We are seeking a Senior Data Engineer with strong expertise in Azure and PySpark, skilled in designing, implementing, and maintaining robust data processing solutions. This role focuses on building scalable, production-grade data systems, ensuring reliability, and optimizing performance in distributed environments.
Responsibilities
- Design and optimize large-scale data pipelines using PySpark
- Build and maintain scalable ETL/ELT workflows in Azure
- Troubleshoot production issues related to performance, latency, and availability
- Work with distributed NoSQL technologies (e.g., Cosmos DB, Cassandra, DynamoDB, MongoDB, or similar)
- Optimize Spark jobs (partitioning, execution plans, resource usage)
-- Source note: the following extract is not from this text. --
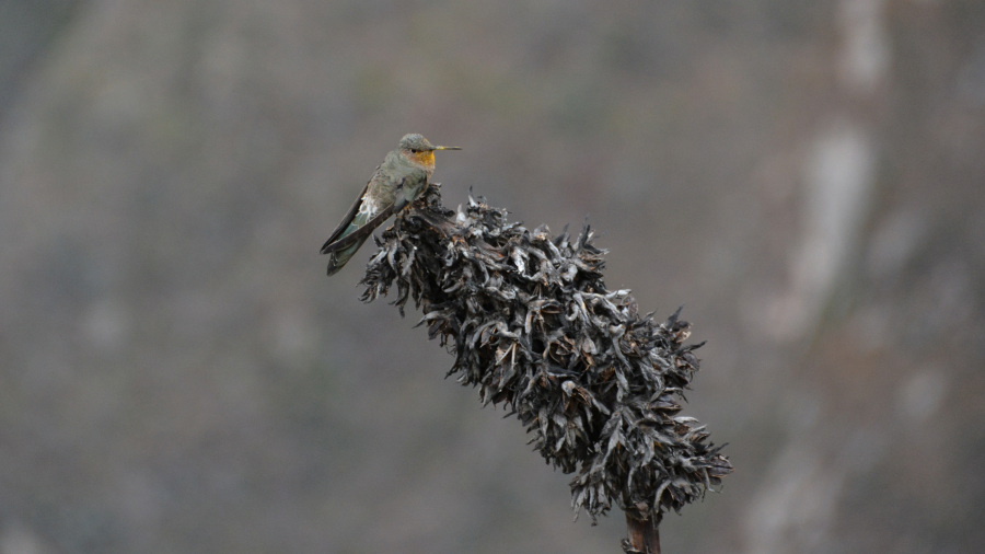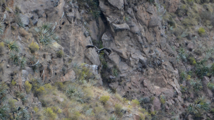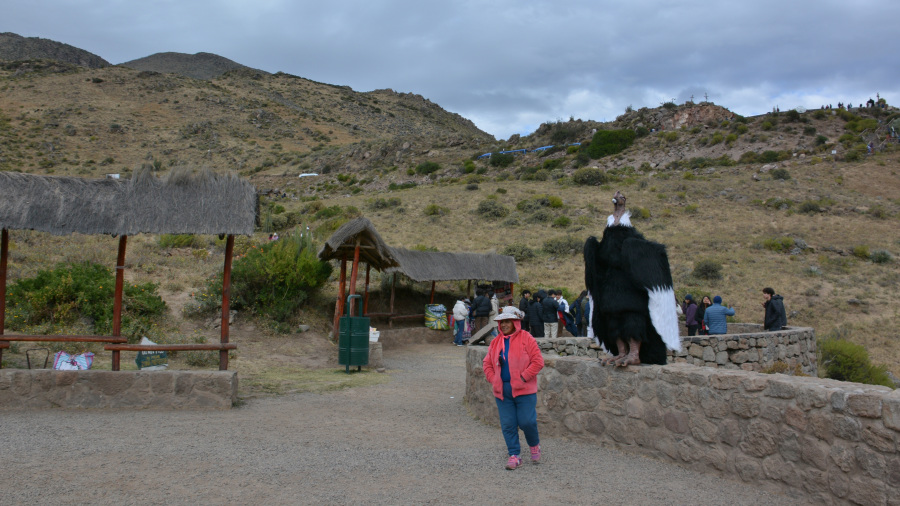 Midva sva se ustavila na priljubljeni razgledni točki „Cruz del Condor“ za ogled kondorjev. Na tej točki je dno kanjona 1200 metrov pod robom kanjona. Prispela sva okrog pol devetih zjutraj in na mrazu čakala predstavo. Obiskovalcev je bilo vsako minuto več, kondorjev pa žal nikjer. Dolgočasila sva se z opazovanjem drugih ptičev, predvsem kolibrijev. Tukaj namreč domuje orjaški kolibri, največji član družine kolibrijev.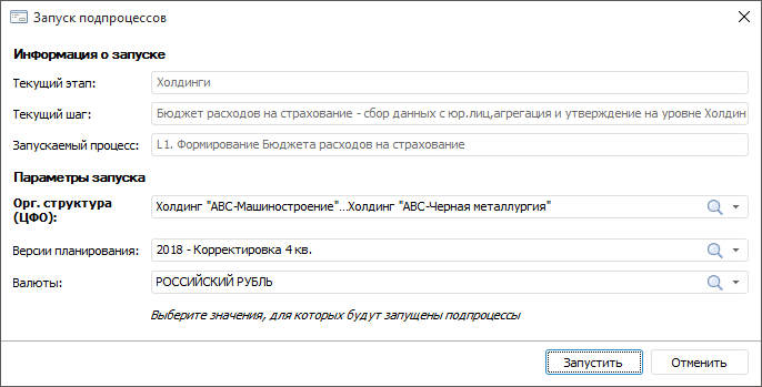 В окне «Запуск подпроцессов» в области «Параметры запуска» по умолчанию подставляются значения, для которых будут запущены подпроцессы:

- Implement best practices for scalability, security, and reliability
- Collaborate with cross-functional teams on data-driven solutions
- Contribute to automation, CI/CD, and operational improvements
Requirements
- 5+ years of experience as a Data Engineer or similar role
- Strong hands-on experience with PySpark in production
- Proven experience in data modeling, partitioning, indexing, and performance tuning in NoSQL systems
- Strong programming skills in Python
- Experience building and operating production-grade pipelines in cloud (Azure)
- Experience with distributed NoSQL databases (e.g., Cosmos DB, Cassandra, DynamoDB, MongoDB)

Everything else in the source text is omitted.